A cancer is most deadly when it spreads to multiple organs, a process called metastasis. But doctors who find a malignant tumor that seems to be limited to one organ cannot simply cut it out because doing so often means secondary tumors start to grow rapidly. In studies with mice, David Waisman, Ph.D., a professor at the University of Calgary, showed that the p22 protein prevents secondary tumors from growing after the primary tumor is removed. He believes it acts by inhibiting blood vessel growth, which is essential for tumor development.
We might be able to use p22 as a drug itself. Or we could design drugs based on it that would be even more potent, said Waisman. Although several drugs to limit metastasis are already on the market, none are ideal, he added, and p22 offers several advantages.

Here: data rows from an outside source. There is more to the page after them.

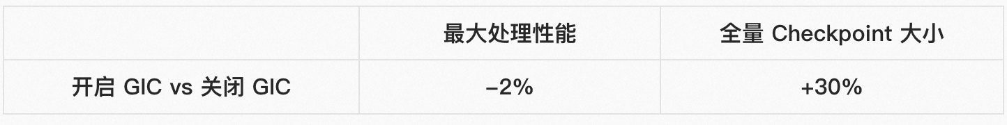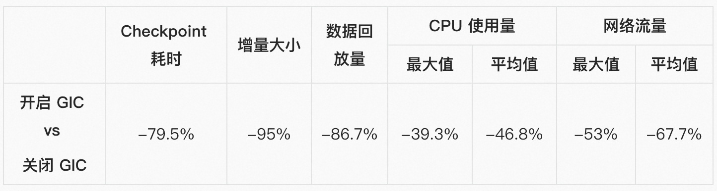 通用增量 Checkpoint(Generic Incremental Checkpont,简称 GIC)旨在提高 Checkpoint 过程的速度和稳定性。WordCount 案例中的一些实验结果如下所示。 请参考这篇 性能测评文章 获取更多详细信息,该文结合理论分析和实践结果展示了 GIC 的收益和成本。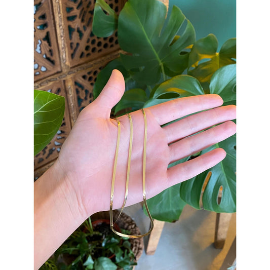 Solid 18k Yellow Gold Slim Herringbone Chain Necklace - 26 Inches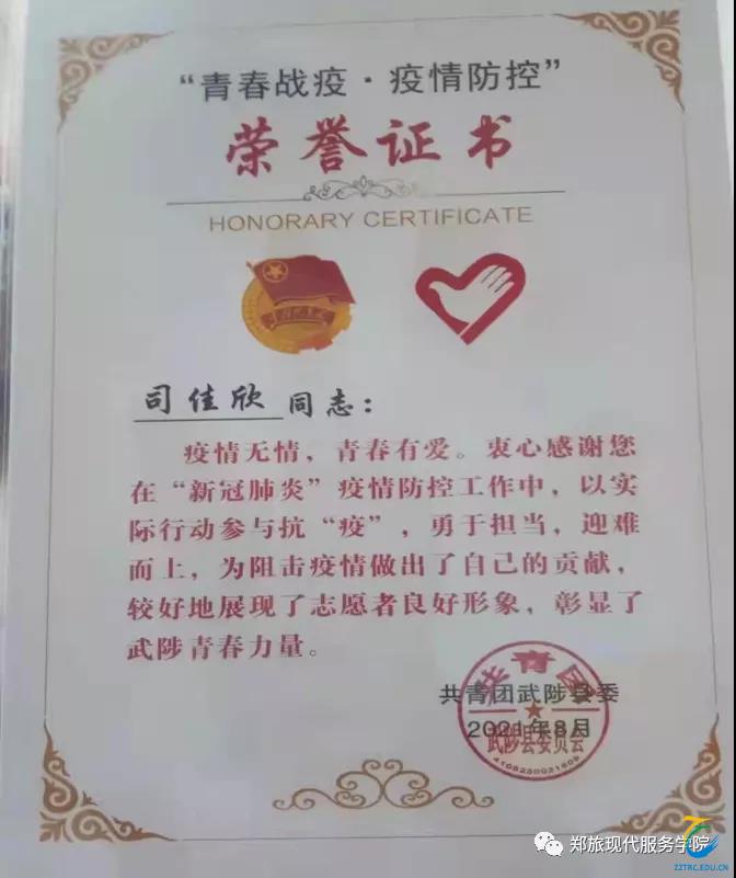 现代服务学院21级婚庆服务与管理一班刘天赐参加了抢险救灾和疫情防控志愿工作,主要负责登记来往人员信息。疫情就是命令,防控就是责任,他全力以赴,积极奋战,诠释了新时代青年的责任与担当,奉献了青春的力量。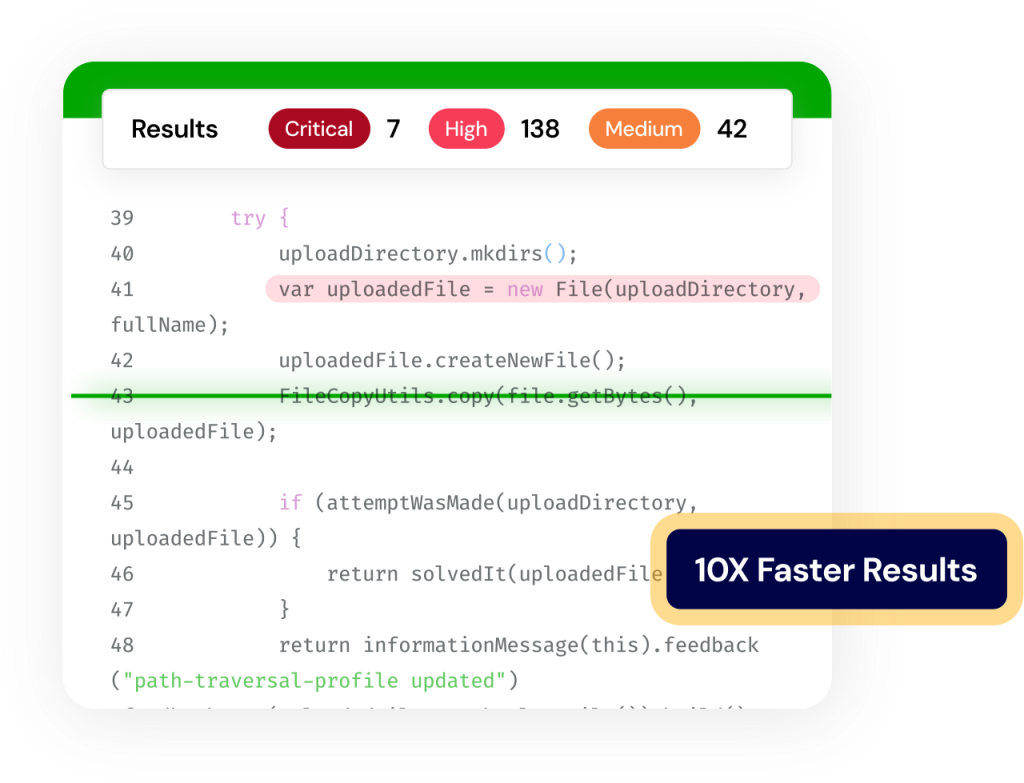 相比传统 SAST 工具快 10 倍,实现真正意义上的“Shift Left”,能够在开发者提交代码时即时反馈漏洞信息,在开发阶段就控制风险。
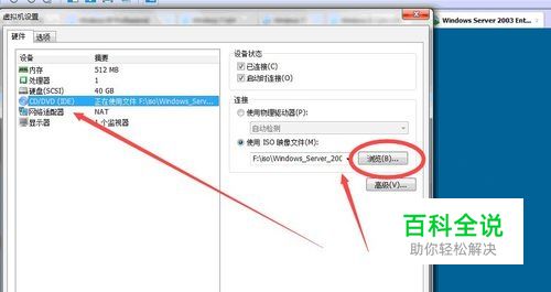 图1 首先插入系统光盘,安装DNS服务,这我用虚拟机来演示,打开虚拟机设置-选择CD/DVD选项-单击右边“浏览”找到系统安装盘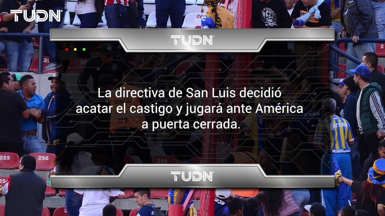 Atlético de San Luis comunicó a toda su afición que los dos partidos que la Comisión Disciplinaria le impuso de sanción por veto al Estadio Alfonso Lastras, después de los incidentes el domingo pasado ante Querétaro, serán a puerta cerrada, por lo que el juego ante América se disputará sin aficionados.
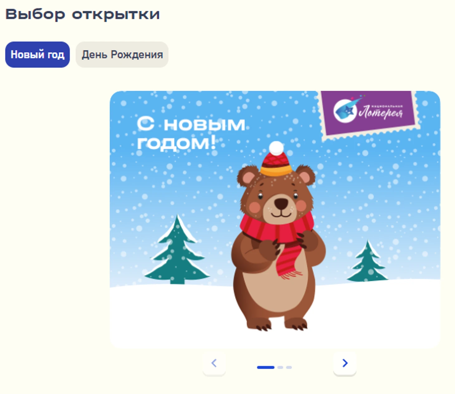Можно выбрать тематическую открытку: Новый год или День рождения.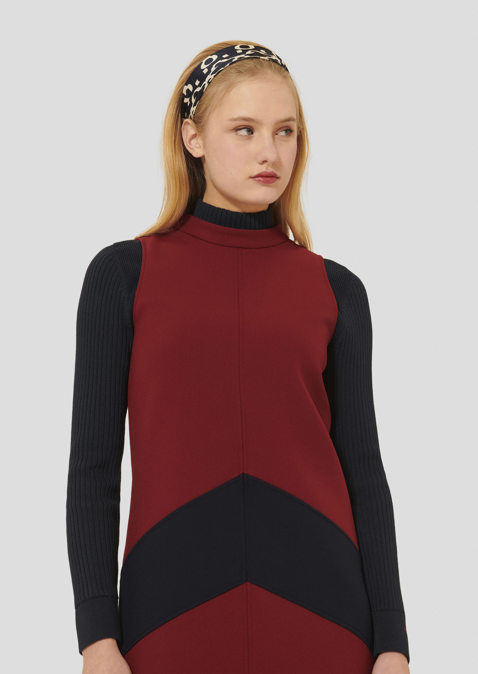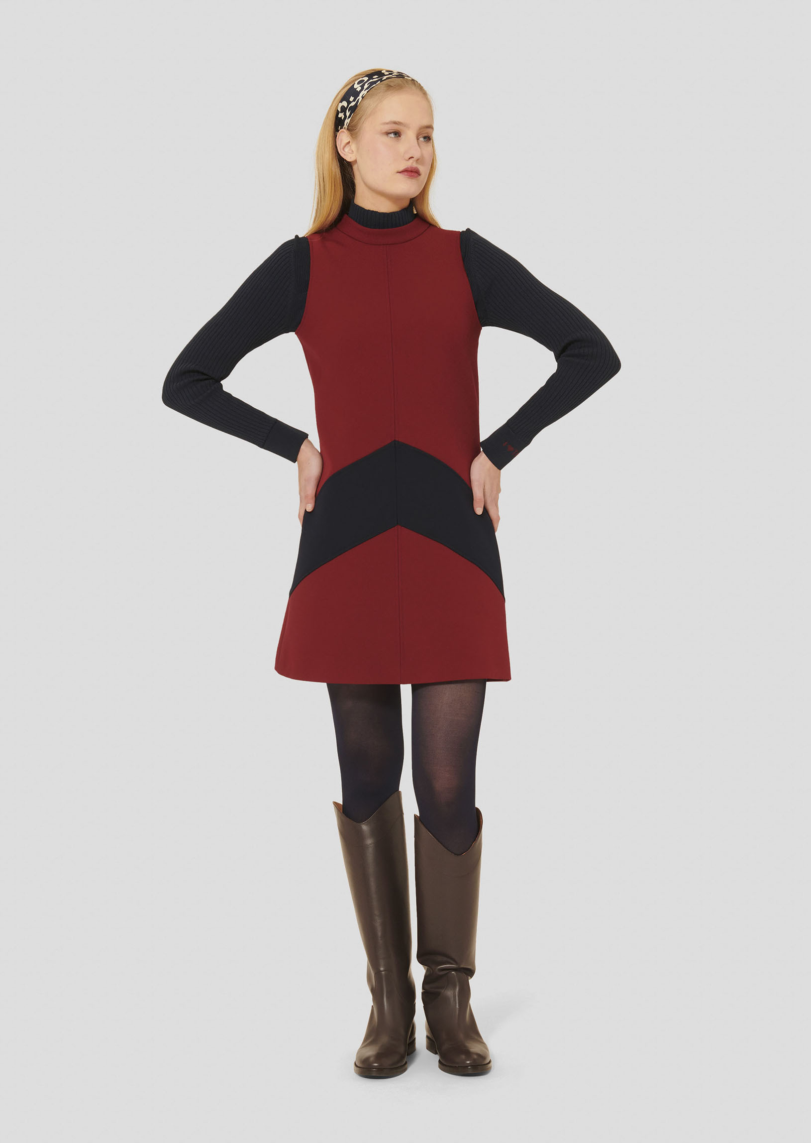 Cette courte robe bordeaux en toile double est sans manches et possède une encolure ronde. Sa coupe trapèze lui donne un esprit résolument preppy. Sa touche so Tara réside dans l'empiècement bleu nuit qui la décore et contraste avec le reste de la robe. Fermeture par zip invisible au dos.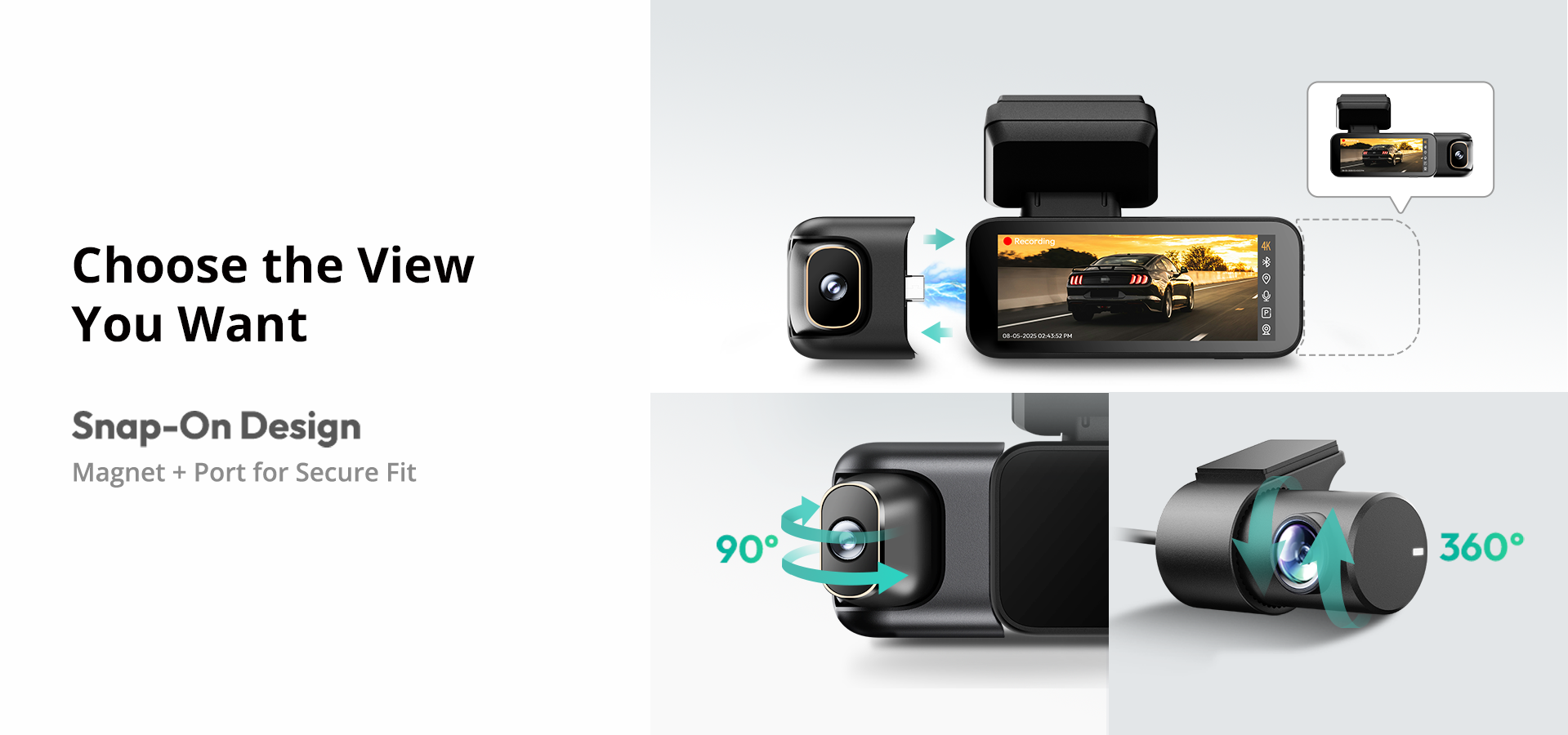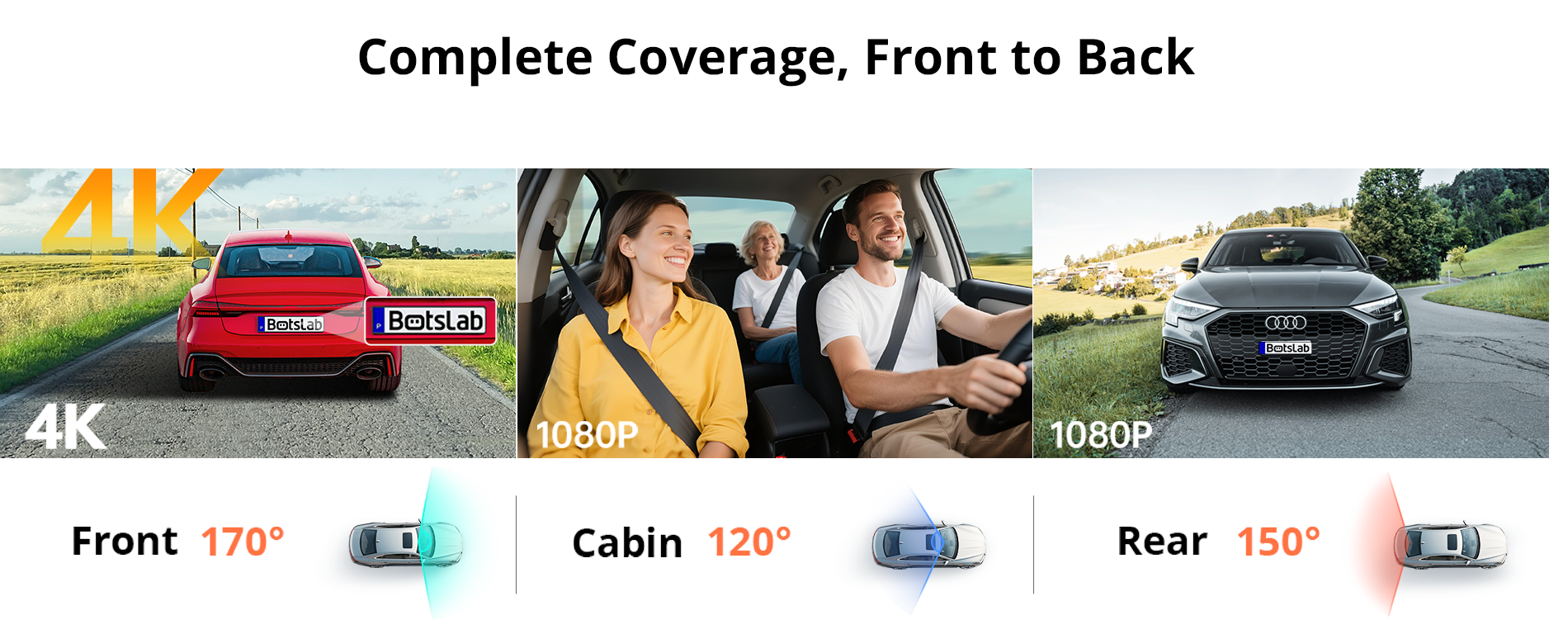 | 3-Channel Coverage | 170° Front • 120° Side • 150° Rear — 360° Total |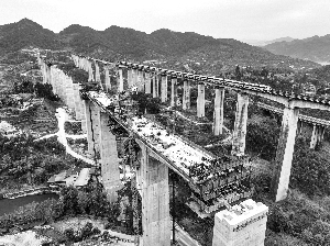 这是3月28日拍摄的渝万高铁蔡家沟双线特大桥建设现场(无人机照片)。 目前,中国铁建大桥局承建的渝万高铁蔡家沟双线特大桥建设稳步推进。 蔡家沟双线特大桥位于渝万高铁重庆市涪陵区境内,桥长2113.3米,最高主墩为150.5米,为渝万高铁全线最高墩。 渝万高铁是国家“八纵八横”高铁网包(银)海、京昆通道的组成部分。项目建成通车后,将加强渝东北三峡库区城镇群和主城都市区的便捷联系,极大地便利沿线群众出行,促进沿线经济社会发展。 新华社图文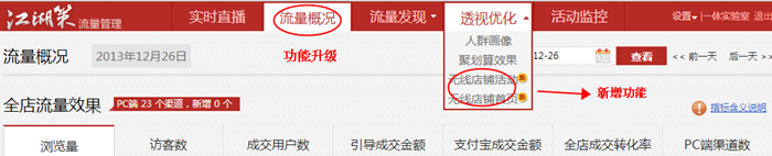 目前無線淘寶累積訪問用戶突破3 億,無線淘寶賣家數達355萬,無線店鋪的經營已經成為越來越重要的工作。為此,江湖策率先推出“無線端渠道透視”評估無線渠道流量及轉化效果。而本周我們給大家帶來了更為強勁的“無線店鋪首頁/活動數據透視+操作”功能,有圖有真相。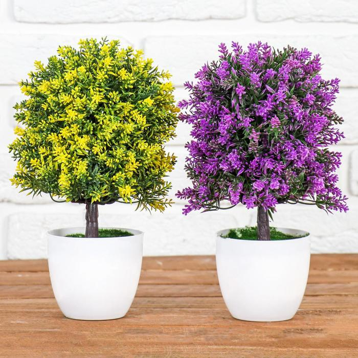 Бонсай в горшке "Пышное деревце с цветами" 12х25 см, микс
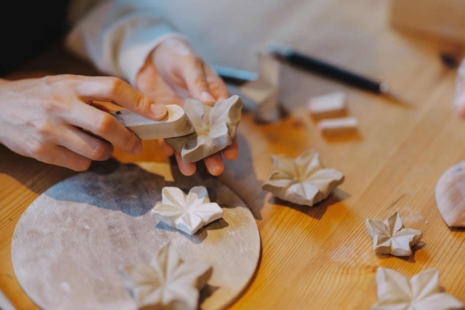界では地域の文化を継承する職人や作家、生産者の方々と連携したご当地文化体験「手業のひととき」を実施しています。界 別府では、幻の焼き物臼杵焼を現代に蘇らせた陶芸家‧宇佐美氏から臼杵焼を学び、オリジナルキーホルダー制作体験をご用意しています。

The molecule is unlikely to cause an immune response because it is a fragment of plasminogen, a protein found in the blood under normal conditions. P22 itself may be found in healthy people, although that possibility is as yet unproven.
Or, doctors could take advantage of the fact that p22 targets only those cells that help tumors grow. If we could figure out a way to tether a cytotoxiccell-killingagent to p22, we would have a very efficient method of stopping tumors, said Waisman. The small size of p22 means it would probably be cleared from the bloodstream quickly, reducing the chance of side effects, he added.
So far, p22 has not been tested on people and any treatments would not be available for years.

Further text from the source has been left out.